Delayed reference queue

  • DelayedRefQueue: batches reference count changes keyed by DelayedRefKey::Metadata { bytenr, owner_root, level } or DelayedRefKey::Data { bytenr, owner_root, owner_ino, owner_offset }. Add/drop pairs to the same key cancel.
  • Metadata flush: creates METADATA_ITEM (skinny) or EXTENT_ITEM records with TREE_BLOCK_REF inline backrefs on positive deltas, deletes them on negative deltas, and threads byte deltas into per-block-group bytes_used accounting.
  • Data flush (drop side): locates the matching EXTENT_DATA_REF either inline inside the parent EXTENT_ITEM or as a standalone item (with hash-collision walk forward), decrements both the inline count field and the parent EXTENT_ITEM.refs, and on hitting zero deletes the entire EXTENT_ITEM and trims overlapping csum tree entries.
  • Csum tree maintenance: when a data extent is fully freed, walks the csum tree once to collect every overlapping EXTENT_CSUM item, then in a second pass deletes whole-coverage items and re-inserts trimmed head/tail fragments under new keys.

Free space tree

  • Incremental update: update_free_space_tree consumes the per-block-group range deltas accumulated during the delayed-ref flush and applies them to the on-disk FST, deleting and re-inserting FREE_SPACE_EXTENT items and updating the FREE_SPACE_INFO.extent_count. Bitmap-layout block groups are refused with a clear error.
  • FREE_SPACE_TREE_VALID stays set: the convergence loop in Transaction::commit runs flush_delayed_refs → update_root_items → snapshot_roots → update_free_space_tree in that order so the FST root change is captured by the next pass and the on-disk FST stays consistent with the extent tree.

Transaction lifecycle

  • Transaction::start: bumps the in-memory generation, snapshots the current root pointers, and seeds the metadata allocator cursor.
  • Transaction::commit: force-COWs the root tree (so every commit advances header.generation), runs the convergence loop to drain delayed refs, root item updates, and FST updates until stable, flushes every dirty block to disk via the chunk tree (writing all DUP/RAID1 mirrors), updates superblock fields and the rotating backup roots, and writes the superblock to all mirrors.
  • Transaction::abort: restores the in-memory root pointer snapshot so the next transaction reads consistent on-disk state.
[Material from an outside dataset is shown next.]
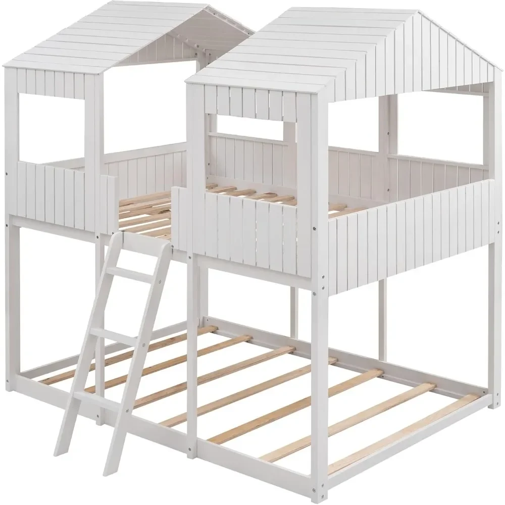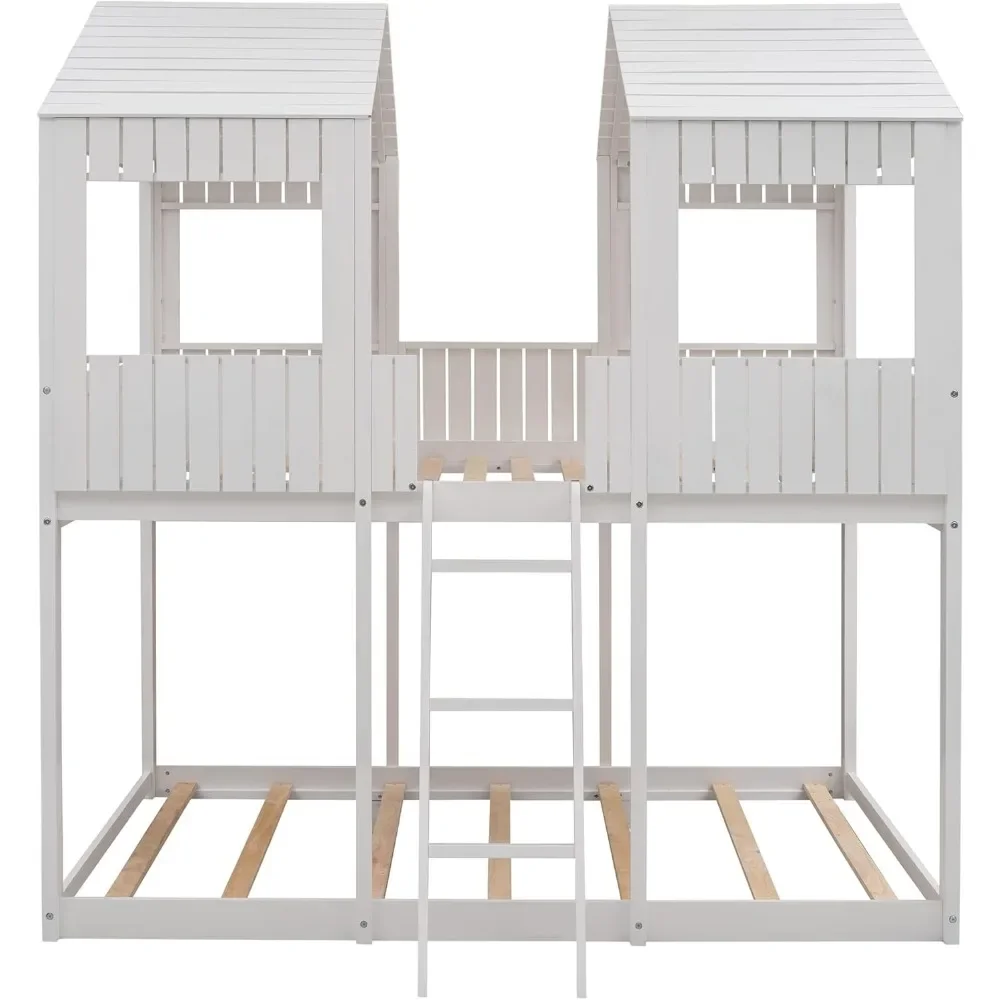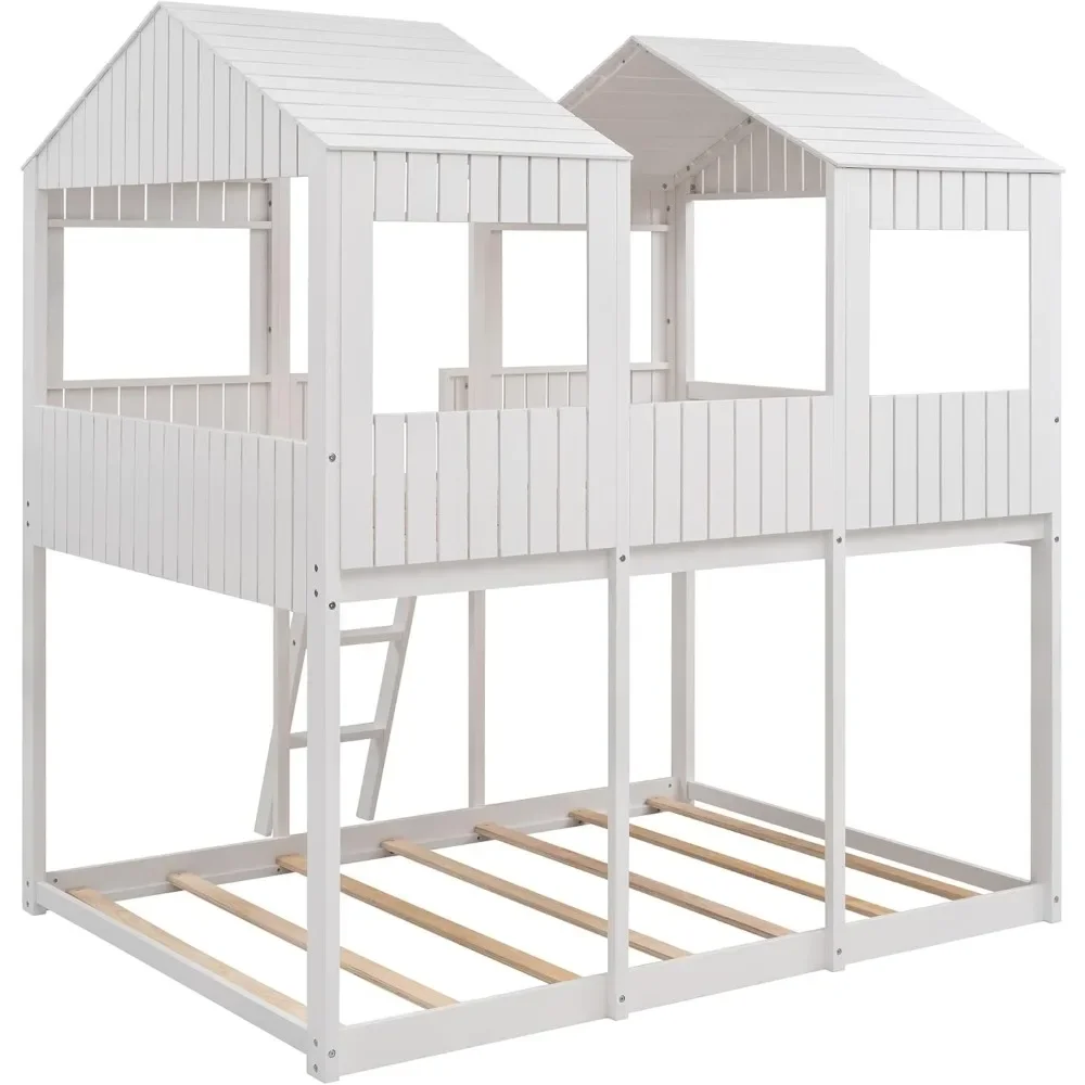 Full Over Full Bunk Bed, Wood Full House Bed Loft Bed Bedroom Furniture with Roof, Window, Guardrail & Ladder Bed Frames

What's not yet implemented

  • Data extent ref additions: flush_delayed_refs only handles the drop side for data refs (todo! on positive deltas). No current caller produces data ref additions.
  • New SYSTEM chunk allocation: if no existing SYSTEM block group has free space, ensure_in_sys_chunk_array cannot carve out a new one. Bails cleanly.
  • Multi-device replication for chunk tree COW: tested only on single-device filesystems.
  • Bitmap-layout free space tree: refused with a clear error.

Testing

Unit tests cover the leaf manipulation primitives, balance logic, delayed ref merging, search/next_leaf, and the chunk array bootstrap helpers (in btrfs-disk).

Integration tests build real filesystem images via mkfs.btrfs, exercise the full COW pipeline through Transaction::commit, and verify the result both by reopening the image with Filesystem and by running btrfs check --readonly on it. The fixture image under cli/tests/commands/fixture.img.gz is also used for read-path and data-ref drop tests.

A regression suite hits historical bugs (cow pinning, sibling generation, leaf data compaction, cascading splits, ...). A proptest-based playground tree harness exercises insert/delete sequences against an in-memory model and verifies that Transaction::commit produces a structurally valid filesystem on every step.

cargo test -p btrfs-transaction

License

Licensed under either of Apache License, Version 2.0 or MIT license at your option.